# Chinese EMR ICD Classification

CCL2025 Chinese Electronic Medical Record ICD Diagnosis Coding Evaluation Competition

## Background

In recent years, with the increasing aging population and rising health awareness, healthcare systems are facing growing service pressure. The widespread adoption of Electronic Medical Records (EMR) in medical informatization offers new possibilities to address these challenges. To achieve standardized management and sharing of medical data, the World Health Organization (WHO) has developed the International Classification of Diseases (ICD). This standard converts tens of thousands of diseases and their combinations into a standardized alphanumeric coding system, laying the foundation for cross-regional and cross-institutional medical data exchange and analysis.
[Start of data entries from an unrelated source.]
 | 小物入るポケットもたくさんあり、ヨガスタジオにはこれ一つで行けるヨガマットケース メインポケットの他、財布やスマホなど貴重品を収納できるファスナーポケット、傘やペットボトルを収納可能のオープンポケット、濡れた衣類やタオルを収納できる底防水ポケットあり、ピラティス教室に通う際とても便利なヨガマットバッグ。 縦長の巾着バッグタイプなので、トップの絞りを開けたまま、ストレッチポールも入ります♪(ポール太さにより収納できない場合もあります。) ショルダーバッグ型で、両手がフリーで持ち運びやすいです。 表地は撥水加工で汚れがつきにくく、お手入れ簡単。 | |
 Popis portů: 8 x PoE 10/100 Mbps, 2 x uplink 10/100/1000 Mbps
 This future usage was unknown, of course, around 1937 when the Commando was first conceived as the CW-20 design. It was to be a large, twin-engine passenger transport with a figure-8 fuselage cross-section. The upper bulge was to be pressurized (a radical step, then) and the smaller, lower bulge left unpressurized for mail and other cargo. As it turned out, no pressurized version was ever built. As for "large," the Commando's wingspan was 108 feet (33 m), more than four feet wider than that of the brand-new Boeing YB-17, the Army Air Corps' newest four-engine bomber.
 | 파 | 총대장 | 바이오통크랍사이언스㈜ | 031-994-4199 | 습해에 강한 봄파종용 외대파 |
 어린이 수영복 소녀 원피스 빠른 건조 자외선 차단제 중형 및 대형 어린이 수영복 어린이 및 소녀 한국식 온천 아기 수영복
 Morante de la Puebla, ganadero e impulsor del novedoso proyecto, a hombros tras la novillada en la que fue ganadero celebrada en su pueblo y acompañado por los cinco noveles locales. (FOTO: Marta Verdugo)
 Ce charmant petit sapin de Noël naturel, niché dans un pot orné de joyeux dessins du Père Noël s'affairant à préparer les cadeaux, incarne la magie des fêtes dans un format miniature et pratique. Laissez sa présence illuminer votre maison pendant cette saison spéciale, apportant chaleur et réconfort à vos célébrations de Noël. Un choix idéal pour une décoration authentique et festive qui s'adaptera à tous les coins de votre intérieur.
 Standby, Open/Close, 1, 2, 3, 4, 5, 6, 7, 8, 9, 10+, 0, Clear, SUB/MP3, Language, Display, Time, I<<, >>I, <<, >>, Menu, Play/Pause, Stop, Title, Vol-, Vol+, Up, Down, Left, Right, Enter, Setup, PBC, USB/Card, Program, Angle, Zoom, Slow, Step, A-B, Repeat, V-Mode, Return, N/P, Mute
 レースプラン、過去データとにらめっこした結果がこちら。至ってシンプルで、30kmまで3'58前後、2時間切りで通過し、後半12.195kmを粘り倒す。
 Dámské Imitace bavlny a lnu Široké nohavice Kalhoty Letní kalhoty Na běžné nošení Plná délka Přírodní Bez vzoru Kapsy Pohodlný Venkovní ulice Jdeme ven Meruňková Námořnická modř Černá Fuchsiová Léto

However, manually converting EMR text into ICD codes is time-consuming, labor-intensive, and prone to human errors. Developing an automated ICD coding system can improve coding efficiency and consistency while providing more reliable data support for disease research and medical management.
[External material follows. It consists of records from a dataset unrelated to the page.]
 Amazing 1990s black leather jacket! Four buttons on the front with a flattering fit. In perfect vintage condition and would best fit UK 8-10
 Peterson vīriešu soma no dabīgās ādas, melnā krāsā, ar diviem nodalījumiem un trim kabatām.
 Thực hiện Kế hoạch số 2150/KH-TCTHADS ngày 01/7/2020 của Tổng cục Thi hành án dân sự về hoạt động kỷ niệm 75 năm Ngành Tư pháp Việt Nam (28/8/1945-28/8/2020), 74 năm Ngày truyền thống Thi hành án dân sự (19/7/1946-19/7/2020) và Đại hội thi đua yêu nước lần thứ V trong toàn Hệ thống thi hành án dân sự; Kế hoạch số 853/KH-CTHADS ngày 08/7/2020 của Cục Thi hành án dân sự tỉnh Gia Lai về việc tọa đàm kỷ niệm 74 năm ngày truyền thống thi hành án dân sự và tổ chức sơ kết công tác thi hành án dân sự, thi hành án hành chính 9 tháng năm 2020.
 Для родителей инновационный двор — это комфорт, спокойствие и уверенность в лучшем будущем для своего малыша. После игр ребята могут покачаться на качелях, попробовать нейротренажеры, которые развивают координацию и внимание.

To advance this goal, this competition has constructed a special dataset for evaluating automated ICD coding in Chinese EMRs. The dataset is built using de-identified medical records, covering five primary diagnosis ICD-10 codes and 53 additional diagnosis ICD-10 codes, with a total of 1,485 records.

## Task Description

### Task Objective

The goal of this task is to utilize Natural Language Processing (NLP) techniques to analyze patients’ clinical symptoms from electronic medical record texts, extract key symptom information, and determine both primary diagnosis codes and additional diagnosis codes. This assists doctors or medical coders in accurately completing ICD coding.

### Task Definition

Given a text description of a patient's medical history, chief complaint, current illness history, past medical history, and discharge status, the model needs to predict:

- Primary Diagnosis Code (only one ICD-10 code per record)
- Additional Diagnosis Codes (one or more ICD-10 codes per record)

### Task Input & Output

- Input: A string (str type) containing clinical information extracted from medical records.
- Output: A list where the primary diagnosis code and additional diagnosis codes are separated by a `"|"` delimiter, and the additional diagnosis codes are separated by a `";"` delimiter.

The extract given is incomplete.